Question

If $\left( {\begin{array}{*{20}{c}}
  {\dfrac{1}{{25}}}&0 \\
  x&{\dfrac{1}{{25}}}
\end{array}} \right) = {\left( {\begin{array}{*{20}{c}}
  5&0 \\
  { - a}&5
\end{array}} \right)^{ - 2}}$, then the value of x is

${\text{A}}{\text{. }}\dfrac{a}{{125}}$
${\text{B}}{\text{. }}\dfrac{{2a}}{{125}}$
${\text{C}}{\text{. }}\dfrac{{2a}}{{25}}$
${\text{D}}{\text{.}}$ None of these

Answer 1

Hint: If a matrix is \[A = \left( {\begin{array}{*{20}{c}}
  a&b \\
  c&d
\end{array}} \right)\], then the inverse of the matrix is, ${A^{ - 1}} = \dfrac{1}{{\det A}}\left( {\begin{array}{*{20}{c}}
  d&{ - b} \\
  { - c}&a
\end{array}} \right)$, use this to solve.

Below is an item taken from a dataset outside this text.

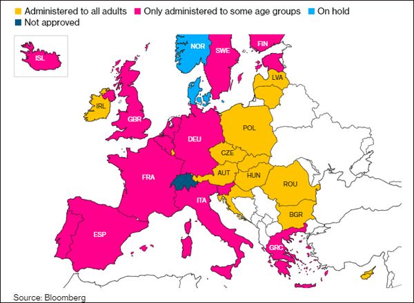 尽管世卫组织屡次重申,继续使用阿斯利康新冠疫苗,利大于弊。但根据彭博社统计,截至目前,仍有许多欧盟国家暂停或者限制接种阿斯利康疫苗。

Complete step-by-step answer:

We have been given in the question, $\left( {\begin{array}{*{20}{c}}
  {\dfrac{1}{{25}}}&0 \\
  x&{\dfrac{1}{{25}}}
\end{array}} \right) = {\left( {\begin{array}{*{20}{c}}
  5&0 \\
  { - a}&5
\end{array}} \right)^{ - 2}}$,

Now let $A = \left( {\begin{array}{*{20}{c}}
  5&0 \\
  { - a}&5
\end{array}} \right)$, so we can find the inverse of the matrix by using the formula,
${A^{ - 1}} = \dfrac{1}{{\det A}}\left( {\begin{array}{*{20}{c}}
  d&{ - b} \\
  { - c}&a
\end{array}} \right)$,
Therefore, $\det A = 25$,
Hence, the inverse is, ${A^{ - 1}} = \dfrac{1}{{25}}\left( {\begin{array}{*{20}{c}}
  5&0 \\
  a&5
\end{array}} \right)$,
So, the given equation becomes, $\left( {\begin{array}{*{20}{c}}
  {\dfrac{1}{{25}}}&0 \\
  x&{\dfrac{1}{{25}}}
\end{array}} \right) = {A^{ - 2}} - (1)$

Therefore, ${(A)^{ - 2}} = \dfrac{1}{{625}}{\left( {\begin{array}{*{20}{c}}
  5&0 \\
  a&5
\end{array}} \right)^2} = \dfrac{1}{{625}}\left( {\begin{array}{*{20}{c}}
  {25}&0 \\
  {10a}&{25}
\end{array}} \right) = \left( {\begin{array}{*{20}{c}}
  {\dfrac{1}{{25}}}&0 \\
  {\dfrac{{2a}}{{125}}}&{\dfrac{1}{{25}}}
\end{array}} \right)$
Now put the value of ${A^{ - 2}}$in equation (1), we get,
$
  \left( {\begin{array}{*{20}{c}}
  {\dfrac{1}{{25}}}&0 \\
  x&{\dfrac{1}{{25}}}
\end{array}} \right) = \left( {\begin{array}{*{20}{c}}
  {\dfrac{1}{{25}}}&0 \\
  {\dfrac{{2a}}{{125}}}&{\dfrac{1}{{25}}}
\end{array}} \right) \\
   \Rightarrow x = \dfrac{{2a}}{{125}} \\
 $
Hence, we get the value of x as 2a/125, after solving the equations.
So, the correct answer is ${\text{B}}{\text{. }}\dfrac{{2a}}{{125}}$.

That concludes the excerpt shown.